Before running the pipeline, certain packages are required to be installed within a custom conda environment.
module load python
source /data/$USER/conda/etc/profile.d/conda.sh
conda create --name meth
conda activate meth
mamba install -yc bioconda bwameth methyldackel
conda deactivate meth
Alter the config.yaml so the rawdata_dir is the absolute path of the directory containing all your fastqs. Alter the result_dir so it is the absolute path of the working directory containing your snakemake pipeline, where results will be stored. Alter samples in config.yaml to be the absolute path of your samples.txt. Check this is correct. The samples file should have the following tab-delimited format:
sample group comp
S1 GA GAvsGB
S2 GA GAvsGB
S3 GB GAvsGB
S4 GB GAvsGB
S5 GC GAvsGC
S6 GC GAvsGC
S1 GA GAvsGC
S2 GA GAvsGC
Where GA, GB & GC are the groups these 6 samples belong to.
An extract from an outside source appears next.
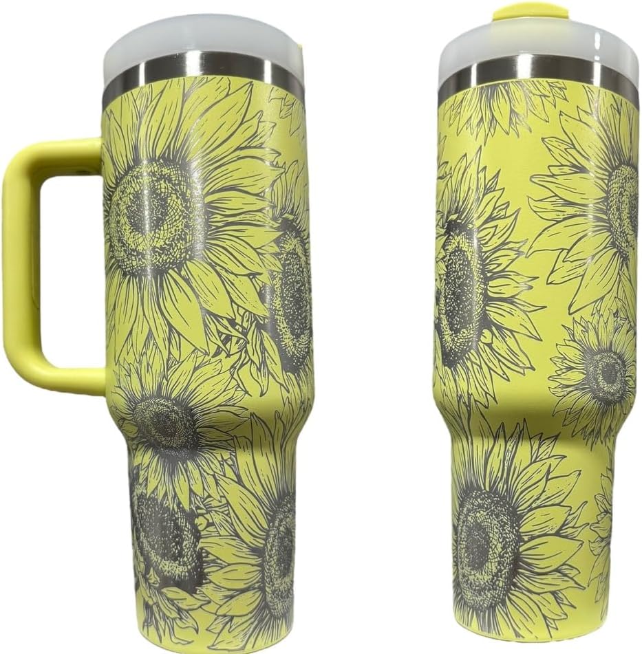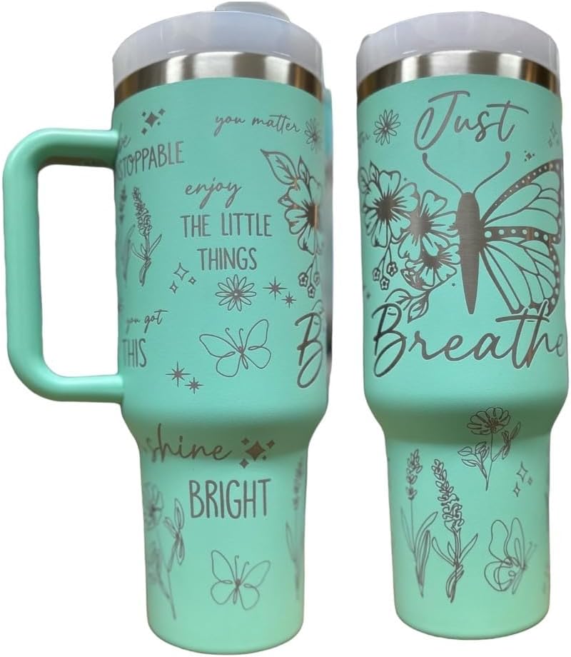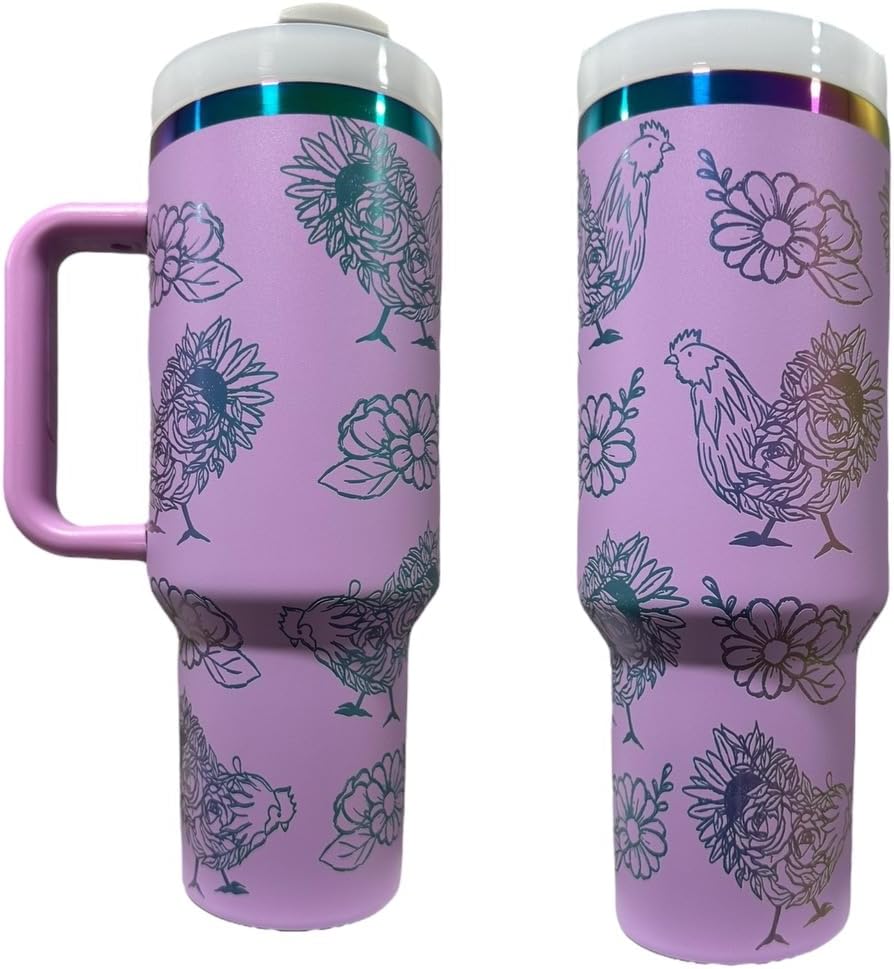 Do you hate refilling your water or coffee constantly? We have the perfect solution for you! These engraved 40 ounce tumblers are a hot item. They keep your drink cold or hot for long periods of time and are convenient to use due to the handle and the straw. We have many different engraving options available as well as different tumbler colors.

The pipeline is divided into 4 steps:
- bismark - which performs quality control steps and maps the data using Bismark, before extracting CpG profiles using MethylDackel.
- bwa - which performs quality control steps and maps the data using BWA-Meth instead of Bismark, before extracting CpG profiles using MethylDackel.
- dmr - which uses the previously generated CpG profiles to identify differentially methylated regions between groups.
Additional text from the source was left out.